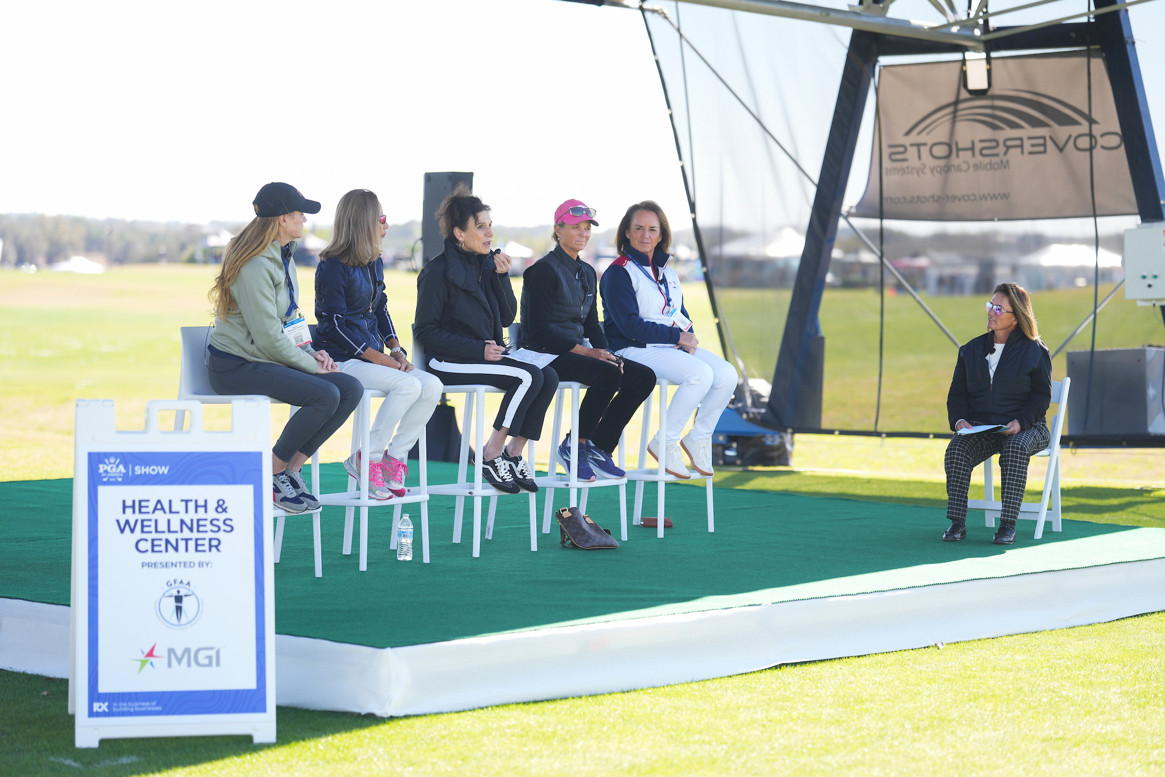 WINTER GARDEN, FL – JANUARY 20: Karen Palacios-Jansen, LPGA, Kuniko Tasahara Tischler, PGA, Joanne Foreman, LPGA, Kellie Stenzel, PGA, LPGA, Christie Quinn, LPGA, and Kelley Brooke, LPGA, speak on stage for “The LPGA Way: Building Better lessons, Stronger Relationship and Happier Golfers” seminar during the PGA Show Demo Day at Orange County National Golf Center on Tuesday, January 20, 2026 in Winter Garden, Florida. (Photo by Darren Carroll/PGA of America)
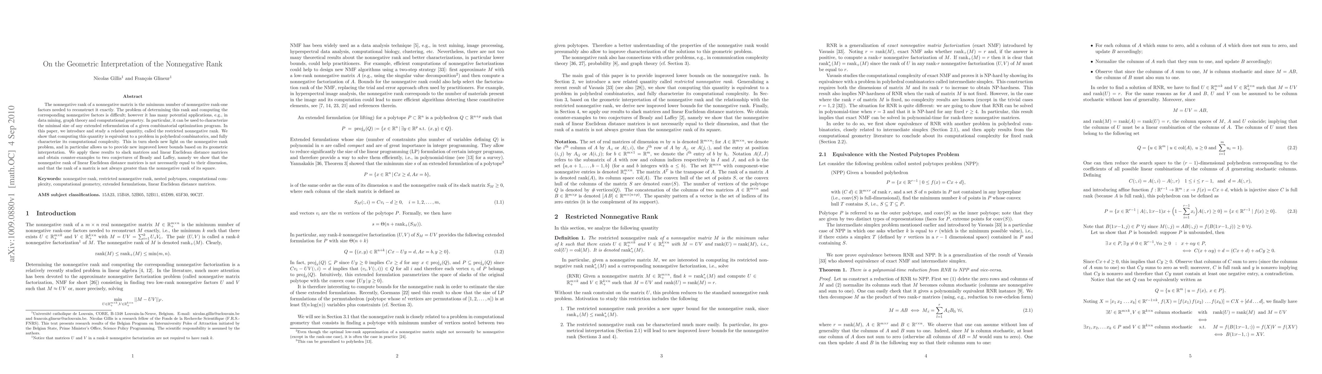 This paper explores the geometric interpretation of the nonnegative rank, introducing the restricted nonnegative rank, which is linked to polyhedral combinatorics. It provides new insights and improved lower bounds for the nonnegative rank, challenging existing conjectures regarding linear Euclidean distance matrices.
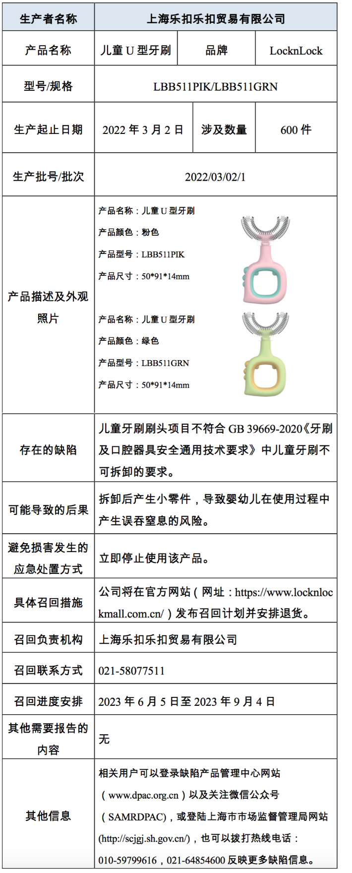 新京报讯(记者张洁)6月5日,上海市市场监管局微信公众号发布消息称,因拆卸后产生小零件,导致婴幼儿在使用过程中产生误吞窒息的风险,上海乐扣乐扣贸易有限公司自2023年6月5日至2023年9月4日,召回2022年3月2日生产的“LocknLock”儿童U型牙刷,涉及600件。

——

_Problem statement_.
Exact copy, no pictures: please print the data above once more.

_Response to this exercise_.
 WINTER GARDEN, FL – JANUARY 20: Karen Palacios-Jansen, LPGA, Kuniko Tasahara Tischler, PGA, Joanne Foreman, LPGA, Kellie Stenzel, PGA, LPGA, Christie Quinn, LPGA, and Kelley Brooke, LPGA, speak on stage for “The LPGA Way: Building Better lessons, Stronger Relationship and Happier Golfers” seminar during the PGA Show Demo Day at Orange County National Golf Center on Tuesday, January 20, 2026 in Winter Garden, Florida. (Photo by Darren Carroll/PGA of America)
 This paper explores the geometric interpretation of the nonnegative rank, introducing the restricted nonnegative rank, which is linked to polyhedral combinatorics. It provides new insights and improved lower bounds for the nonnegative rank, challenging existing conjectures regarding linear Euclidean distance matrices.
 新京报讯(记者张洁)6月5日,上海市市场监管局微信公众号发布消息称,因拆卸后产生小零件,导致婴幼儿在使用过程中产生误吞窒息的风险,上海乐扣乐扣贸易有限公司自2023年6月5日至2023年9月4日,召回2022年3月2日生产的“LocknLock”儿童U型牙刷,涉及600件。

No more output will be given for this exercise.